+++ Information provided +++
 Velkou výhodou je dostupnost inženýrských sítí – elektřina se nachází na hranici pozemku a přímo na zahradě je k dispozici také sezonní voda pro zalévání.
+++
+++ Information provided +++
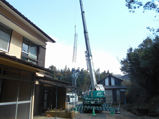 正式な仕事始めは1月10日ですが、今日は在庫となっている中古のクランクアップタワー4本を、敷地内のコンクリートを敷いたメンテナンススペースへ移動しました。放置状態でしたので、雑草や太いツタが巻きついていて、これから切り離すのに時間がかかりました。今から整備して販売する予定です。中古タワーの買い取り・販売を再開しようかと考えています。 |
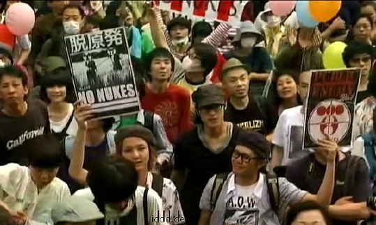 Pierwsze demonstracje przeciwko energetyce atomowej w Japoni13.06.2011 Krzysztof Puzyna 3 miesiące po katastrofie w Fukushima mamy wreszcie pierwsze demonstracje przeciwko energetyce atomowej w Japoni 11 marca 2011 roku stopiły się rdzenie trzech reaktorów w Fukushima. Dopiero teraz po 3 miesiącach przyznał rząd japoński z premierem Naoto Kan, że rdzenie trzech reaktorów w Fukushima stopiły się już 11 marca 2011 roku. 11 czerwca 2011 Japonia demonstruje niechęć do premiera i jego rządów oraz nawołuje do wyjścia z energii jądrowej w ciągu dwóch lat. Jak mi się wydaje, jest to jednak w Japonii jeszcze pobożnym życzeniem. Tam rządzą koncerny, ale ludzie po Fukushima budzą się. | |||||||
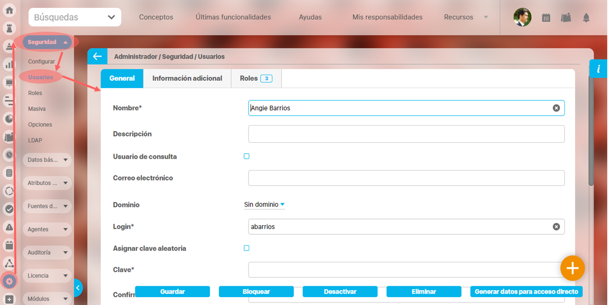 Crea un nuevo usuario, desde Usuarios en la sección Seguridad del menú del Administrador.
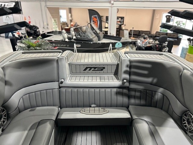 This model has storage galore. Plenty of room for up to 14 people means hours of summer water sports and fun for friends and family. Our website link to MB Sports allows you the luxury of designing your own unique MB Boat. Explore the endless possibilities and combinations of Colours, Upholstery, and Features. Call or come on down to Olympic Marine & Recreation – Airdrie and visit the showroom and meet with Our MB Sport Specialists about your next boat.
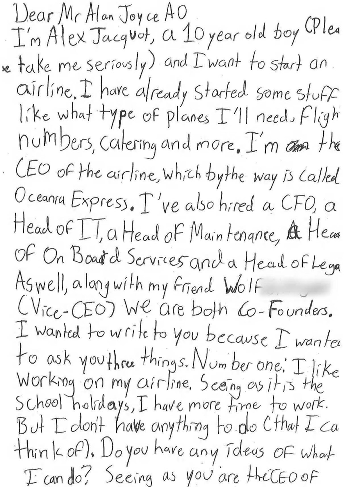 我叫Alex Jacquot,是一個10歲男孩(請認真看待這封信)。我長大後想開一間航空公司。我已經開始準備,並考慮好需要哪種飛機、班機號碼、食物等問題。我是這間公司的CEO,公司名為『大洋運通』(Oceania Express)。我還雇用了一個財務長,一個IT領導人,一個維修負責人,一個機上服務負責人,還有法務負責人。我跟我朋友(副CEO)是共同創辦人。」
+++
| What you need to do |
Your copy should hold the lines from the one with "正式な仕事始めは1月10日で" up to and including the one with "Crea un nuevo", exactly as in the data above, and no pictures.

| Result of the task |
 正式な仕事始めは1月10日ですが、今日は在庫となっている中古のクランクアップタワー4本を、敷地内のコンクリートを敷いたメンテナンススペースへ移動しました。放置状態でしたので、雑草や太いツタが巻きついていて、これから切り離すのに時間がかかりました。今から整備して販売する予定です。中古タワーの買い取り・販売を再開しようかと考えています。 |
 Pierwsze demonstracje przeciwko energetyce atomowej w Japoni13.06.2011 Krzysztof Puzyna 3 miesiące po katastrofie w Fukushima mamy wreszcie pierwsze demonstracje przeciwko energetyce atomowej w Japoni 11 marca 2011 roku stopiły się rdzenie trzech reaktorów w Fukushima. Dopiero teraz po 3 miesiącach przyznał rząd japoński z premierem Naoto Kan, że rdzenie trzech reaktorów w Fukushima stopiły się już 11 marca 2011 roku. 11 czerwca 2011 Japonia demonstruje niechęć do premiera i jego rządów oraz nawołuje do wyjścia z energii jądrowej w ciągu dwóch lat. Jak mi się wydaje, jest to jednak w Japonii jeszcze pobożnym życzeniem. Tam rządzą koncerny, ale ludzie po Fukushima budzą się. | |||||||
 Crea un nuevo usuario, desde Usuarios en la sección Seguridad del menú del Administrador.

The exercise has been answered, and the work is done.